Prima si ergono gli alberi giganti i quali espandono i loro rami a quaranta, a cinquanta e perfino a ottanta metri d’altezza, cinti e recinti da immense liane, poi sotto di loro crescono gli alberi minori, i quali formano una foresta inferiore. I raggi del sole che penetrano fra la vôlta di verzura dei primi, si arrestano su quella più bassa, sicchè è quasi impossibile che possano giungere fino a terra.

Anche in pieno mezzogiorno regna una semi-oscurità che più tardi, e specialmente alla notte, diventa fittissima tanto, che è impossibile muovere un passo senza rompersi il capo contro quelle migliaia di tronchi quasi riuniti.

Queste doppie foreste hanno però il vantaggio di essere prive di cespugli, di piante arborescenti e di erbacee, poichè mancando la luce e l’aria, queste non si possono sviluppare e ben presto muoiono.

Wan-Horn e Cornelio procedevano quindi speditamente ma un po’ a casaccio, passando sotto quella moltitudine di [p. 221 modifica] palmizi, di canari, di tek, di alberi del ferro, di latanieri, di sagu, di mimose, di alberi del pane, di sensitive giganti, di fichi, di durion, di mangli e di gambir che incrociavano i loro rami e le loro enormi foglie in tutti i modi possibili ed immaginabili.

Di tratto in tratto si arrestavano per sparare un colpo di fucile, e tendevano gli orecchi, sperando di ricevere una risposta, ma invano.

Alla sera, sfiniti per quella rapida marcia, affamati, inquieti, s’arrestarono ai piedi d’un albero del pane dal tronco colossale.

— Povero zio! disse Cornelio con voce triste.
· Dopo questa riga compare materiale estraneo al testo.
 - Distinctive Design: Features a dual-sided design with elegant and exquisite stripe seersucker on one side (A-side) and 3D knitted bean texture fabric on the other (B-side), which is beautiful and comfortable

Fra quali angosce sarà!

— Lo ritroveremo, signor Cornelio, disse Wan-Horn, per consolarlo. Domani all’alba ci rimetteremo in cammino e sono certo che udremo le sue fucilate.
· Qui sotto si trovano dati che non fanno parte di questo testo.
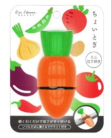 今回新発売するかわいいにんじん型の「ちょい研ぎシャープナ―」は、月に一度の本格的な包丁砥ぎではなく、日々の調理前に簡単に刃先を整える事ができる手軽で使いやすいコンパクトな商品です。裏面にマグネットがついているので冷蔵庫などに貼り付けておくことができ、包丁使用前のちょっとしたメンテナンスに適しています。球体の回転式砥石を採用しているので、軽く引くだけで包丁を研ぐことができます。

— Ma quale triste notte passerà, Horn. Forse ci crederà prigionieri dei papuasi e fors’anche morti.

— Sa che siamo armati e che siamo tali uomini da non farsi prendere da quei mangiatori di carne umana. Non disperiamo; Dio veglia su tutti. [p. 222 modifica]

Il marinaio, quantunque fosse in preda a tristi pensieri, per rompere quel discorso scoraggiante accese il fuoco e mise sui carboni alcune costolette di babirussa poi, non avendo il sagu, che era stato lasciato nel boschetto di noci moscate per essere più lesti a inseguire quella disgraziata selvaggina, raccolse alcune frutta dell’albero sotto il quale si erano sdraiati.
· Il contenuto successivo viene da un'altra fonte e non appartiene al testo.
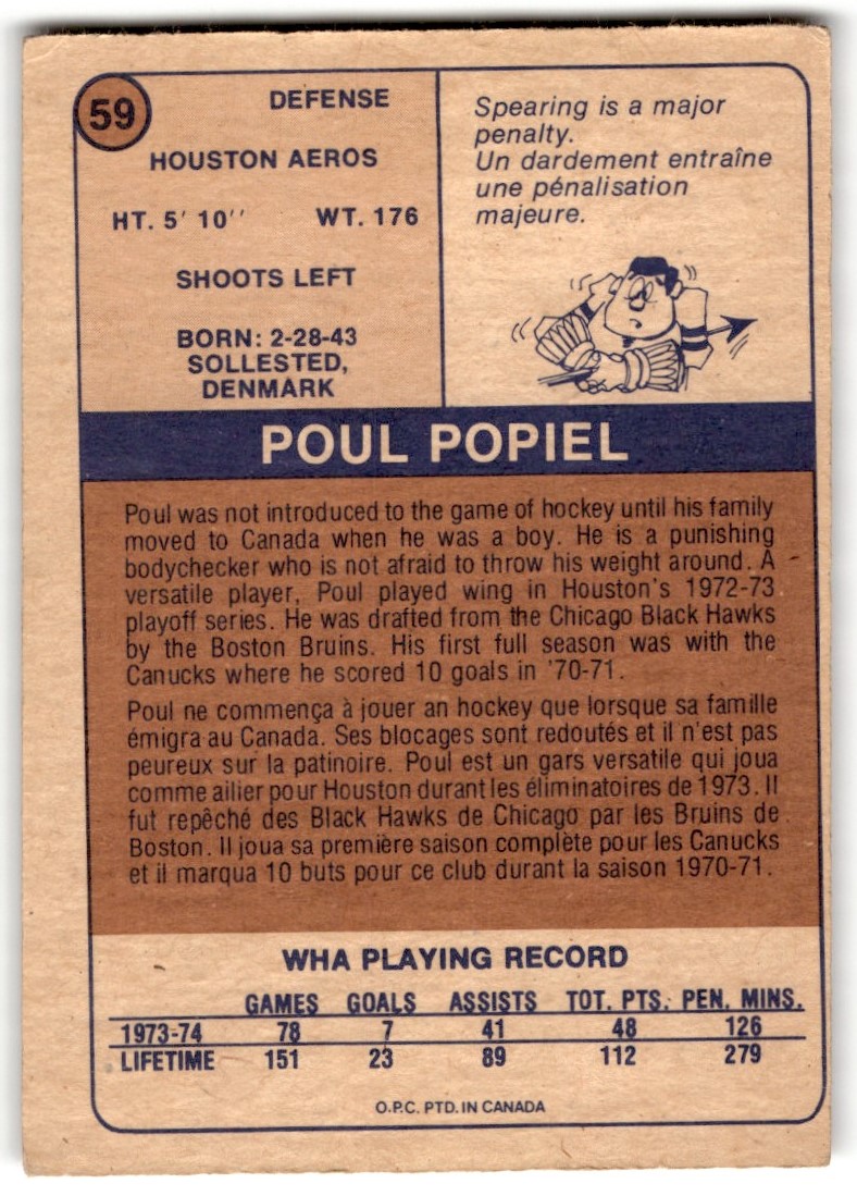 | Poul Popiel 1974-75 O-Pee-Chee WHA #59 Houston Aeros |

Erano grosse come la testa d’un fanciullo, coperte d’una buccia rugosa, ma dentro contenevano una polpa giallastra e tenera che si taglia a fette mettendola ad abbrustolire sui carboni. Si fanno servire da pane e sono eccellenti avendo il sapore di certe specie di zucche e anche un po’ dei carciofi.

La cena però non fu allegra, quantunque fossero affamati; assaggiarono appena le costolette e le frutta dell’albero del pane, tanto erano inquieti ed angosciati.

Spento il fuoco, per non attirare l’attenzione dei selvaggi che potevano abitare in quei dintorni, si stesero fra le erbe, aspettando impazientemente l’alba per rimettersi in cerca dei loro compagni.